Note: Considering the above points we have decided not to support change-log stored outside the bricks.
For this release automatic snapshot of both master and slave session is not supported. If required user need to explicitly take snapshot of both master and slave. Following steps need to be followed while taking snapshot of a master and slave setup
- Stop geo-replication manually.
- Snapshot all the slaves first.
- When the slave snapshot is done then initiate master snapshot.
- When both the snapshot is complete geo-syncronization can be started again.
Gluster Quota: Quota enables an admin to specify per directory quota. Quota makes use of marker translator to enforce quota. As of now the marker framework is not completely crash-consistent. As part of snapshot feature we need to address following issues.
- If a snapshot is taken while the contribution size of a file is being updated then you might end up with a snapshot where there is a mismatch between the actual size of the file and the contribution of the file. These in-consistencies can only be rectified when a look-up is issued on the snapshot volume for the same file. As a workaround admin needs to issue an explicit file-system crawl to rectify the problem.

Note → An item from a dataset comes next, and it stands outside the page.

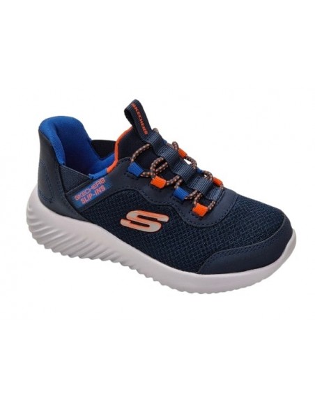 Zapatillas deportivas para niños, marca Skechers, con calce facil, en color azul marino. Skechers 403822L

- For NFS, quota makes use of pgfid to build a path from gfid and enforce quota. As of now pgfid update is not crash-consistent.
- Quota saves its configuration in file-system under /var/lib/glusterd folder. As part of snapshot feature we need to save this file.
DHT: DHT xlator decides which node to look for a file/directory. Some of the DHT fop are not atomic in nature, e.g rename (both file and directory). Also these operations are not transactional in nature. That means if a crash happens the data in server might be in an inconsistent state. Depending upon the time of snapshot and which DHT operation is in what state there can be an inconsistent snapshot.
AFR: AFR is the high-availability module in Gluster. AFR keeps track of fresh and correct copy of data using extended attributes. Therefore it is important that before taking snapshot these extended attributes are written into the disk. To make sure these attributes are written to disk snapshot module will issue explicit sync after the barrier/quiescing.
The other issue with the current AFR is that it writes the volume name to the extended attribute of all the files. AFR uses this for self-healing. When snapshot is taken of such a volume the snapshotted volume will also have the same volume name. Therefore AFR needs to create a mapping of the real volume name and the extended entry name in the volfile. So that correct name can be referred during self-heal.
Another dependency on AFR is that currently there is no direct API or call back function which will tell that AFR self-healing is completed on a volume. This feature is required to heal a snapshot volume before restore.